10) How carers and social workers can make the system work

Prepare a strong application pack. Include priority evidence, short education history, current supports, and any risks to consider for matching (e.g., county lines concerns, peer risks).

Name the practical reasons. If a particular school is sought for stability (existing relationships, siblings, therapeutic provision), say so—this helps admissions weigh suitability and transport.

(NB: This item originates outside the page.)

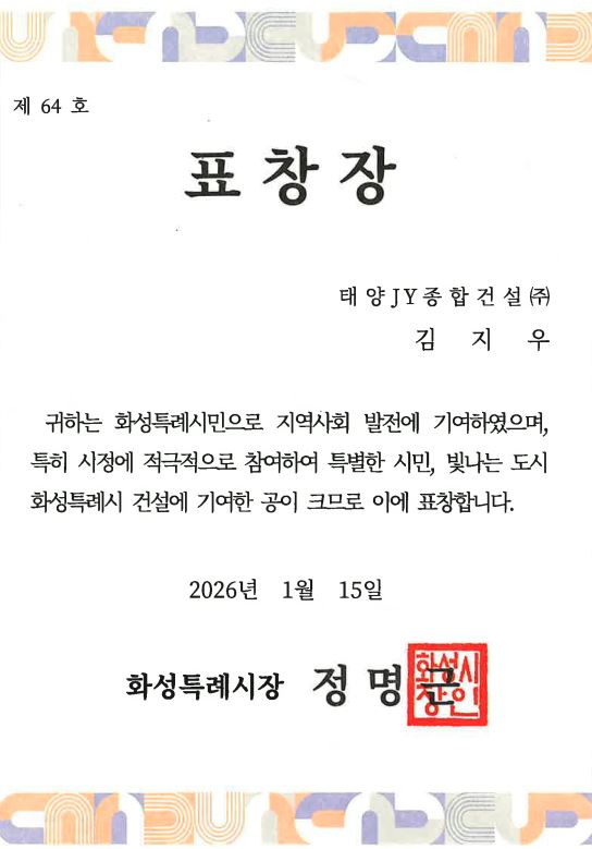 화성특례시장 표창장

Escalate early if stuck. Ask the VSH to intervene and trigger FAP if standard routes fail. Keep a log of contacts, dates, and decisions to maintain momentum.

Plan the handover. Get the Designated Teacher, social worker, carer, and (where appropriate) the pupil together before day one to agree any temporary timetable, pastoral contact, uniform/equipment, and who meets the child at the gate.

11) A note on the wider UK

Education law and admissions rules differ in Wales, Scotland and Northern Ireland. The priority principles for looked-after children are shared, but the legal instruments and operational guidance are separate. If a move crosses a border (for example England→Wales), check the host nation’s admissions code and the local authority’s policies before applying.

Bottom line

  • Priority is clear: LAC and PLAC sit at the top of oversubscription lists under the School Admissions Code 2021, including in faith schools. Use that priority when applying.
  • In-year moves shouldn’t drift: the Fair Access Protocol exists to secure a swift place; all schools must participate. Escalate via the VSH and LA admissions if you hit delays.
  • Support doesn’t stop at the gate: the Designated Teacher and Virtual School should coordinate induction, PEP targets and PP+ spending so the new placement is stable and progress is visible.